Traditional Medicare has parts A (hospital), B (outpatient) and D (pharmacy benefits). Medicare Advantage, which is run through a managed care ordganization and referred to as Part C, combines the benefits of parts A, B, D and sometimes additiaonl benefits (like vision and dental) that are not typically covered by Traditional Medicare. Medicare part A is free, but the premiums for Traditional Medicare part B can run as high as $250/month and you have to pay 20% of the costs of outpatient services like Doctors visits. Seniors enrolled in traditional Medicare ofter will purchase a "supplemental insurance plan" to help cover the additional 20% of non-paid services.

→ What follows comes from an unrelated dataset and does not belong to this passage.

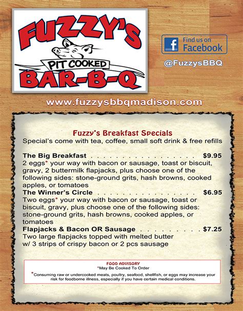 Menu for fuzzy's sports pub & grill provided by allmenus.com. Web click on the thumbnail images of the menus below to see larger views. Folded breakfast $8.29 eggs, your choice of meat, cheese and hash browns stuffed into our famous hand rolled bread. Includes 10 breakfast tacos (choice of egg & cheese; Ad browse nearby restaurants—or search by name or cuisine. Web dried fruit & nut mix $0.75. Fuzzy's sports pub & grill | waukesha wi. Ad support your local restaurants by having your meals delivered right to your door. It focuses on authentic mexican flavors with an american twist. To close them, scroll down to the bottom of the menu and hit close.

On the other hand, The National Council on Aging reports that Monthly premiums for Medicare Advantage plans for 2024 average $18.50/month. And since Medicare Advantage typically offers an expanded benefits plan (list of covered medical services) the choice between the two plans seems to be a simple choice: Why pay 10x more for a Traditioanl Medicare plan when you can get more services through the much cheaper Medicare Advantage plan? Well there are two major differences between the two plans that might have you second guessing the Medicare Advantage plans. Perhaps the biggest disadvantage of Part C plans is that your provider network, Doctors and hospitals that you are allowed to to visit, is ALWAYS more restrictive than traditional Medicare Parts A & B. If you happen to see a doctor or provider who is not in the Advantage network, you can be paying a sizable part of your billed services for going to see an out-of-network provider. In addition, Medicare Advantage can sometimes issue a denial of coverage for medically necessary care or care they feel is not necessary, and this can also be done retroactively thereby denying coverage for care you thought was being covered by your plan. However, if this ever happens to you there is still hope of getting coverage by appealing the denial for services:
If a Medicare Advantage plan denies you coverage for services don't take it lying down. File an appeal, and your odds are good that the plan will overturn its decision. That's the message for consumers in a government report examing service and payment denials in Medicae Advantage plans. For help filing an appeal contact: Medicare Rights Center, and advocacy group for Medicare beneficiaries, to medicarerights.org or call 800-333-411
So which plan is best for you? That depends. In 2024 seniors were evenly split between plans with 50% enrolling in traditional Medicare and 50% choosing an Advantage plan. You should probably look at your health status and if you've experienced extended hospital stays or specialists services traditioanl Medicare might work best for you. Your financial situation obviously will play a big part in your decision as will the size of the networks for your Advantage plans or how many Medicare Advantage plans you have to choose from. City dwellers usually have a greater number of Medicare Advantage plans to select from vs. rural Americans and the competition may result in more competitive premiums.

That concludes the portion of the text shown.